Now construct a function to generate identity block QNNs. This implementation is slightly different than the one from the paper. For now, look at the behavior of the gradient of a single parameter so it is consistent with McClean et al, so some simplifications can be made.
To generate an identity block and train the model, generally you need $U1(\theta_{1a}) U1(\theta_{1b})^{\dagger}$ and not $U1(\theta_1) U1(\theta_1)^{\dagger}$. Initially $\theta_{1a}$ and $\theta_{1b}$ are the same angles but they are learned independently. Otherwise, you will always get the identity even after training. The choice for the number of identity blocks is empirical. The deeper the block, the smaller the variance in the middle of the block. But at the start and end of the block, the variance of the parameter gradients should be large.
In [0]:
def generate_identity_qnn(qubits, symbol, block_depth, total_depth):
"""Generate random QNN's with the same structure from Grant et al."""
circuit = cirq.Circuit()
# Generate initial block with symbol.
prep_and_U = generate_random_qnn(qubits, symbol, block_depth)
circuit += prep_and_U
# Generate dagger of initial block without symbol.
U_dagger = (prep_and_U[1:])**-1
circuit += cirq.resolve_parameters(
U_dagger, param_resolver={symbol: np.random.uniform() * 2 * np.pi})
for d in range(total_depth - 1):
# Get a random QNN.
prep_and_U_circuit = generate_random_qnn(
qubits,
np.random.uniform() * 2 * np.pi, block_depth)

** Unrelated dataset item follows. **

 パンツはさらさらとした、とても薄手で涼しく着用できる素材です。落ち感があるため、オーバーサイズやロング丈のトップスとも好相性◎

# Remove the state-prep component
U_circuit = prep_and_U_circuit[1:]
# Add U
circuit += U_circuit
# Add U^dagger
circuit += U_circuit**-1
return circuit
generate_identity_qnn(cirq.GridQubit.rect(1, 3), sympy.Symbol('theta'), 2, 2)
In [0]:
block_depth = 10
total_depth = 5
heuristic_theta_var = []
for n in n_qubits:
# Generate the identity block circuits and observable for the given n.
qubits = cirq.GridQubit.rect(1, n)
symbol = sympy.Symbol('theta')
circuits = [
generate_identity_qnn(qubits, symbol, block_depth, total_depth)

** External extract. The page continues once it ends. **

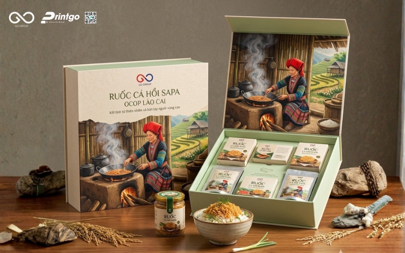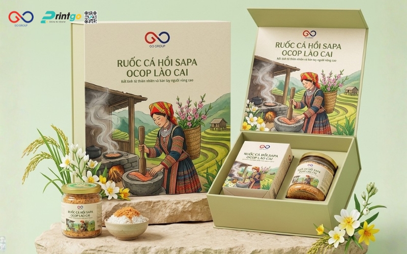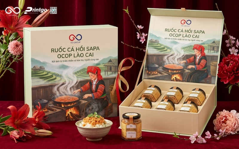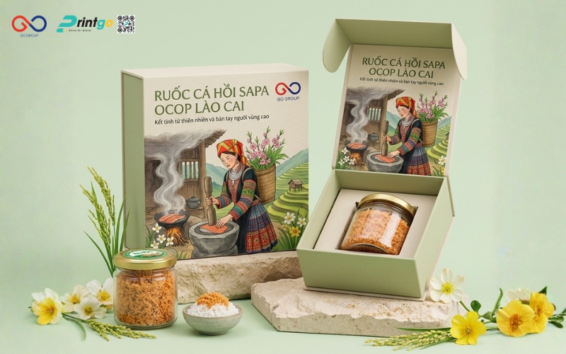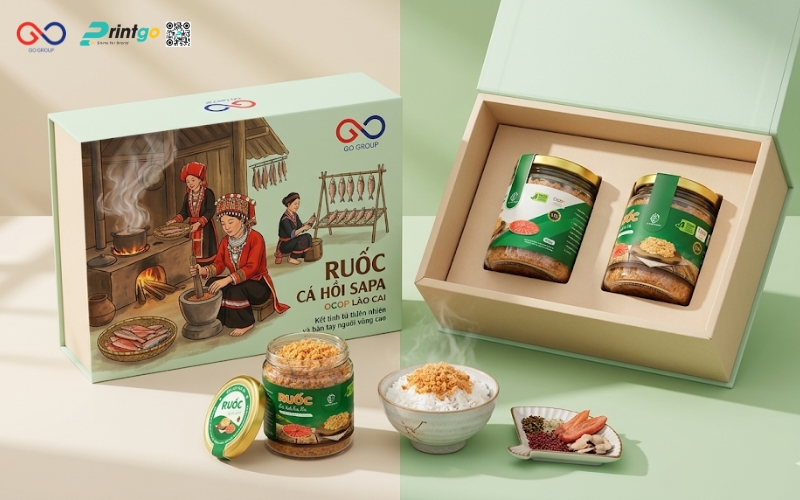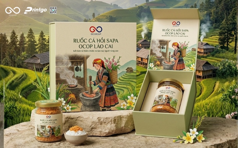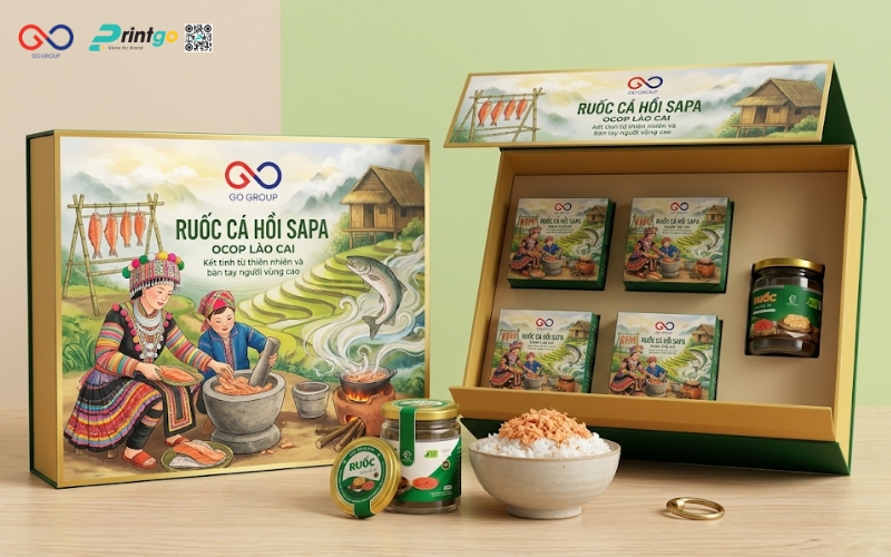 Hộp ruốc cá hồi Sapa là yếu tố quan trọng quyết định cách người tiêu dùng cảm nhận về giá trị của một đặc sản vùng cao. Trong khi ruốc cá hồi Sapa vốn là sản phẩm chất lượng, giàu dinh dưỡng và mang đậm dấu ấn Tây Bắc, thì thực tế cho thấy nhiều sản phẩm vẫn chưa thực sự nổi bật trên thị trường, phần lớn đến từ cách thể hiện bao bì chưa tương xứng. Bài viết này Printgo sẽ cùng bạn nhìn lại thực trạng bao bì ruốc cá hồi Sapa hiện nay dưới góc nhìn của một chuyên gia, từ đó phân tích những điểm còn hạn chế và đề xuất hướng nâng cấp phù hợp.

for _ in range(n_circuits)
]
op = cirq.Z(qubits[0]) * cirq.Z(qubits[1])
heuristic_theta_var.append(process_batch(circuits, symbol, op))
plt.semilogy(n_qubits, theta_var)
plt.semilogy(n_qubits, heuristic_theta_var)
plt.title('Heuristic vs. Random')
plt.xlabel('n_qubits')
plt.ylabel('$\\partial \\theta$ variance')
plt.show()
This is a great improvement in getting stronger gradient signals from (near) random QNNs.